A team of scientists modeling Venus’ atmosphere has found data that could help explain the confusing chemistry of planetary clouds. The findings confirm the possibility of the existence of life in Venus atmosphere, still a controversial idea to be explored with several planned missions on scorching planet.
Venus is another planet from the Sun, which makes it hellishly warmer than Earth. In addition to the heat of the planet, Venus is a dry, rocky wasteland dominated by volcanoes and toxic sulfuric acid clouds. That layer of clouds — about 12 miles thick — covers the surface of the planet most of the time from Earth observers, and recently to was the center of attention as a possible hiding place for extraterrestrial life.
Recent research has modeled those clouds at greater depths, and scientists have discovered that the clouds on the planet are not complete it consists of sulfuric acid but let a certain amount of ammonium salt be mixed. Team study was published in Proceedings of the National Academy of Sciences.
“Our model predicts that clouds are not made entirely of concentrated sulfuric acid, but that cloud droplets are partially neutralized. Our model postulates that the compound that neutralizes acid in clouds is ammonia, ”said Janusz Petkowski, an astrobiologist at MIT and co-author of a recent study, in an email. “The source of ammonia is unknown, but it could be the result of biological production of ammonia in cloud droplets. As a result of acid neutralization, clouds are no more acidic than some of the extreme terrestrial environments in which life is found. ”

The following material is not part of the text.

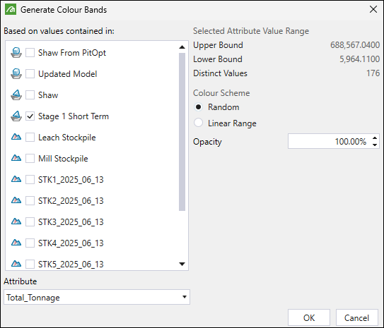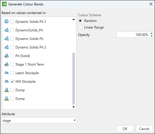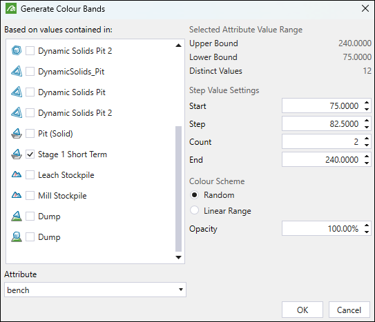 (Generate Colour keys). The Generate Colour Bands panel will appear. The Based on values contained in: and Attribute fields honour the Owner and Attribute selections you made in the workspace window.

Recent work continues highly published research published last year in Nature, which he claimed to have discovered phosphine gas in the atmosphere of Venus. (The scientists behind the new work were also among the authors of the phosphine paper.) Phosphine is produced by microorganisms that do not need oxygen to survive, so the presence of gas was a surprising, exciting sign that something biological might be going on in them. clouds. Finding was controversial; other researchers said the alleged phosphine signal was indeed only sulfur dioxide, while others suggested active volcanoes, not life, could be responsible.

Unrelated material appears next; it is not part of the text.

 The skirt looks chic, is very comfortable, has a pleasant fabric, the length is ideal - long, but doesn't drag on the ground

“No life we know of could survive in the droplets of Venus,” said Sara Seager, a planetary scientist at MIT and co-author of a new study at an institute. let go. “But the point is that maybe some life is there and it modifies its environment so that you can live in it.”
The new work did not focus on phosphine but rather some inexplicable chemical signatures at Venus clouds. Years of observations showed more water vapor and sulfur dioxide than expected. Ammonia, the researchers thought, could explain these anomalies.
“Ammonia should not be on Venus,” Seager added. “Hydrogen is bound to it, and there is very little hydrogen around it. Any gas that does not belong to the context of its environment is automatically suspicious because it is produced by life. ”
The models have shown that, if the microorganisms were on Venus and producing ammonia, oxygen would be released as a by-product. Furthermore, ammonia (which is basic) would neutralize sulfuric acid droplets in the clouds, making them somewhat habitable. While this work was done with the models, future space probe missions could help us get some answers about what it really is happens in the clouds.
These missions are NASA’s VERITAS and DAVINCI + missions, ESA’s orbiter EnVision and (perhaps) proposed, privately funded Venus Life Finder mission, on which Seager and Petkowski are working. The latter is the only one with the primary purpose of exploring the possibilities of extraterrestrial life on Venus, but space agency missions are likely to gather some information on the subject. Of those three, DAVINCI + is the only mission that will really enter Venus atmosphere and sample it as the spacecraft descends to the surface of the planet.
If life of any kind is found outside the Earth – any fossilized on the surface of Mars, thrive in the clouds of Venus, or swim in an ocean of icy moon—To it would be one of the most significant scientific discoveries of all time. But there is a long, uncertain road ahead before such claims can be made.